## Information supplied
----
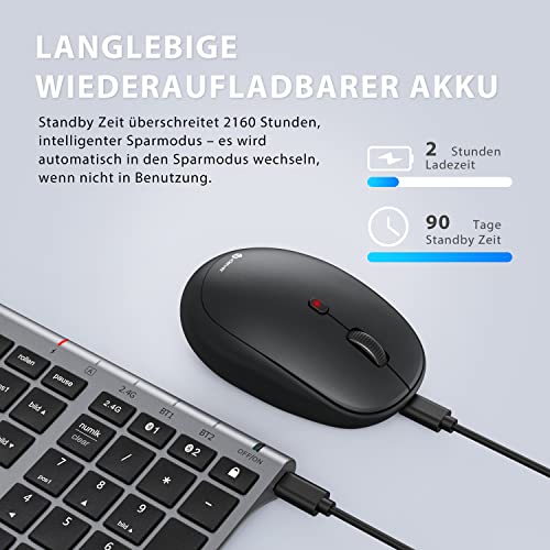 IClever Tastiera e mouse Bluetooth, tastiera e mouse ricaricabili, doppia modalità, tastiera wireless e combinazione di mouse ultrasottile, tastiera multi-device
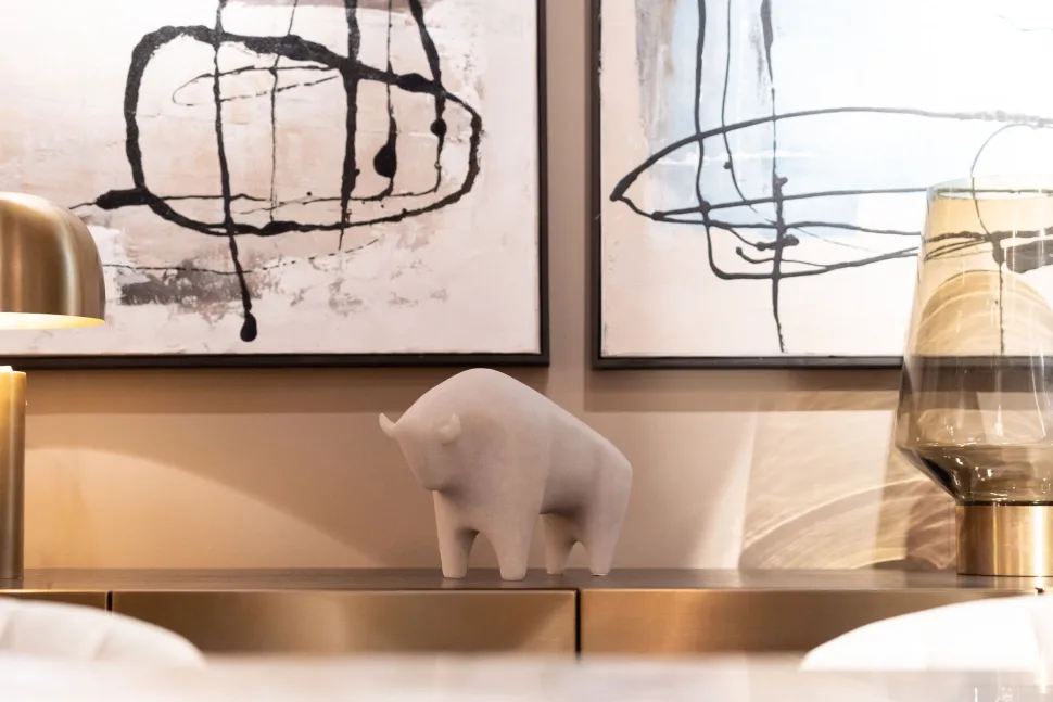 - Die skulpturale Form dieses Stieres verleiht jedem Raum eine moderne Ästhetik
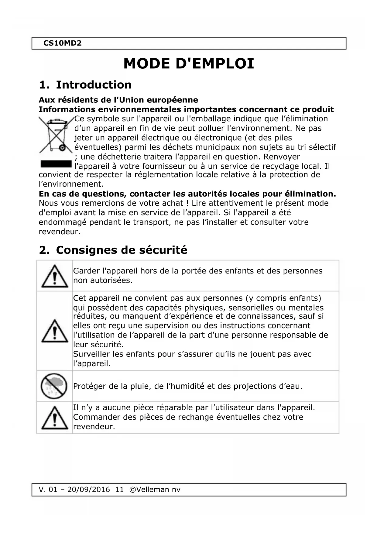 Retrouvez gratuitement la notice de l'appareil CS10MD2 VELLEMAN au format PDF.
----
The answer must be the full listing, restated word for word, with no pictures in it.

 IClever Tastiera e mouse Bluetooth, tastiera e mouse ricaricabili, doppia modalità, tastiera wireless e combinazione di mouse ultrasottile, tastiera multi-device
 - Die skulpturale Form dieses Stieres verleiht jedem Raum eine moderne Ästhetik
 Retrouvez gratuitement la notice de l'appareil CS10MD2 VELLEMAN au format PDF.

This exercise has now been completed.